▶ **Directions**
Transcribe the listing verbatim, please, with images dropped.
Source material Block Start
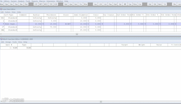 以上参数,是小熊设置的假设已知值,在zemax中构建的初始光学结构;
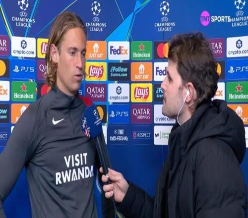 欧冠1/8决赛首回合,马竞主场5-2战胜热刺,马科斯-略伦特赛后接受了TNT体育墨西哥频道的采访。
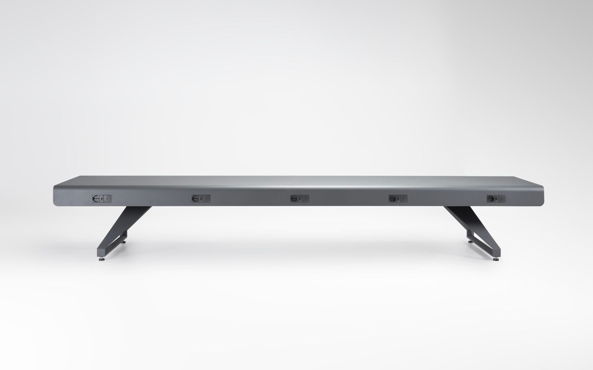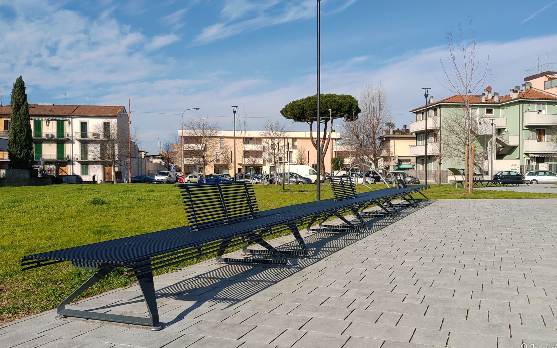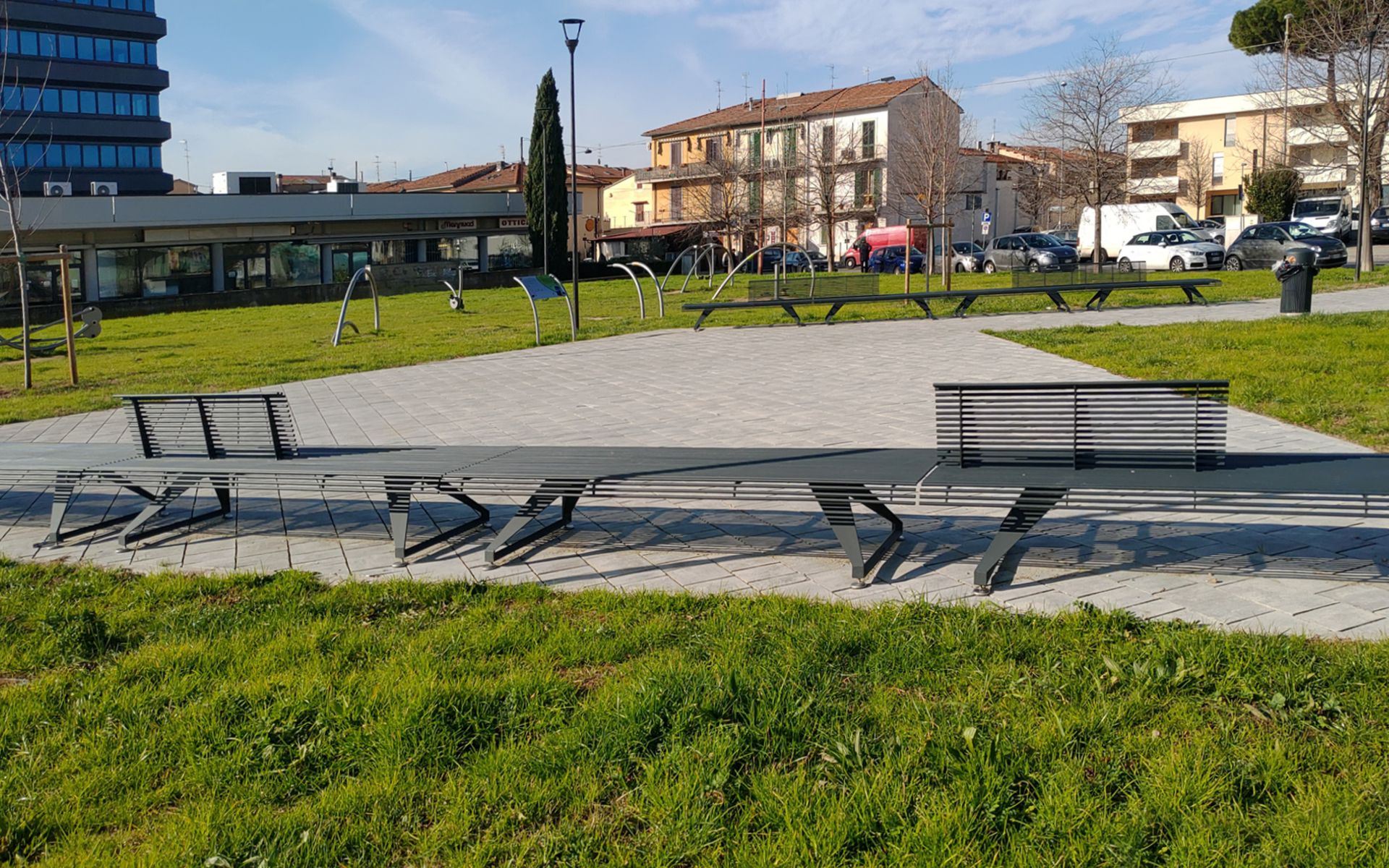 This collection of modular benches is designed to offer maximum compositional flexibility and seamless integration into public spaces. The seat surface, available in steel rods, hardwood, or thermotreated pine, rests on two side supports made of painted cast aluminum, highlighting a balance of clean design and structural strength. Offered in four versions – without backrest, with right half-backrest, or with left half-backrest or for installation – the system allows for customized configurations suited to a variety of environments and uses, combining comfort, style, and design freedom.
Source material Block End
▶ **Result of the task**
 以上参数,是小熊设置的假设已知值,在zemax中构建的初始光学结构;
 欧冠1/8决赛首回合,马竞主场5-2战胜热刺,马科斯-略伦特赛后接受了TNT体育墨西哥频道的采访。
 This collection of modular benches is designed to offer maximum compositional flexibility and seamless integration into public spaces. The seat surface, available in steel rods, hardwood, or thermotreated pine, rests on two side supports made of painted cast aluminum, highlighting a balance of clean design and structural strength. Offered in four versions – without backrest, with right half-backrest, or with left half-backrest or for installation – the system allows for customized configurations suited to a variety of environments and uses, combining comfort, style, and design freedom.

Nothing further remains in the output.